In this case my wife and I were placing a freshly washed blanket on our bed. Before being washed it had been… well, encrusted with foul-smelling body ash, hair and fluids. I said to my wife, we finally washed this blanket. It’s no longer… my mind raced to find the right word… It’s no longer… there didn’t seem to be one. Then the word flashed inside my head. Yangidy. It’s no longer yangidy, I said beaming.
Yangidy? My wife laughed and rolled her eyes. We both knew I had just invented a word; a new word that, with any luck, might someday join the English lexicons of the Western World, wherever people spoke of objects that reek with putrid fumes and decaying bodily substances.
To make sure yangidy was indeed original, we, of course, looked it up on the Internet. At first we were disappointed. It turned out yangidy was the Chinese word for “personal space.”
But the Chinese spell yangidy with an unintelligible script most Americans can’t read. Besides, Chinese has lots of words that sound American but mean something entirely different. They call them inter-linguistic homographs. An example, in French, is the word pet, which means to expel bodily gas. In English pet is what one does to a furry animal.
So my new word counts, we decided. In a curious serendipity, the Chinese for personal space seems somehow consanguineously connected to my English for foul-smelling body ash, despite me having absolutely no knowledge of Chinese before I invented the word.
In the years to come, my wife and I hope to enjoy hearing yangidy included more and more in everyday speech. Perhaps someday we will hear the word on television.

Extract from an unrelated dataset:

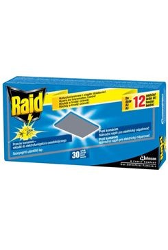 Raid náhradní polštářky do elektrického odpařovače proti létajícímu hmyzu.Raid znamená skutečnou ochranu před komáry. Raid je insekticidní přípravek, který poskytuje velmi účinnou a dlouhodobou ochranu proti komárům a drobnému létajícímu hmyzu. Účinně odpuzuje létající hmyz, a to i při otevřených oknech a rozsvícených světlech. Raid polštářky lze používat i v obdobných odpařovačích. Raid začíná působit během několika minut.

Attacked by Dog Mar 14, 2014
After fifteen years of daily walks without incident, a dog attacked me. Apparently, he broke his chain, jumped the fence and ran out onto his master’s driveway. As I approached—walking in the middle of the street—he went crazy, it seems.
He lunged onto the road, and—bumping and barking—drove me all the way into the next block. Knowing that dogs smell fear, I tried to walk fast while gently whispering good dog, good dog!
A normal dog would have bit me, but this one never did. Maybe he was a war dog–trained to kill, but only on verbal command from his owner. Anyway, as soon as we reached the cross street he stopped barking and ran home. His owner locked him up. The neighbors came out and told me he sometimes jumps the fence, but so far has never actually killed anyone.
Nashville Snow Emergency Mar 3, 2014
It’s 21° in Nashville. The Governor of Tennessee has declared a State of Emergency. Snow—some places 1/8 inch deep—has engulfed the Capital of Country Music and brought it to a standstill.
Pictures taken at Chuck & Mary’s near city center.
No Bugs (this one is kind of a bummer) Mar 1, 2014
On our recent vacation in Naples, Florida we stayed in a sprawling upscale gated community where lawn care was contracted out to various landscapers and pest control companies. I noticed we never saw any birds on the lawns.
One evening after a day at the beach we pulled into our driveway only to find several large bugs dead or writhing on the pavement. On our bike ride the next day we saw a couple of pesticide trucks loaded with barrels of insecticide making their rounds. Beside one truck a worker sprayed something into the roadside rain sewer.
We never saw an alligator, live snake or healthy bug while we vacationed in our Naples compound. The only flying insects we saw were a wasp—and one night—some gnats.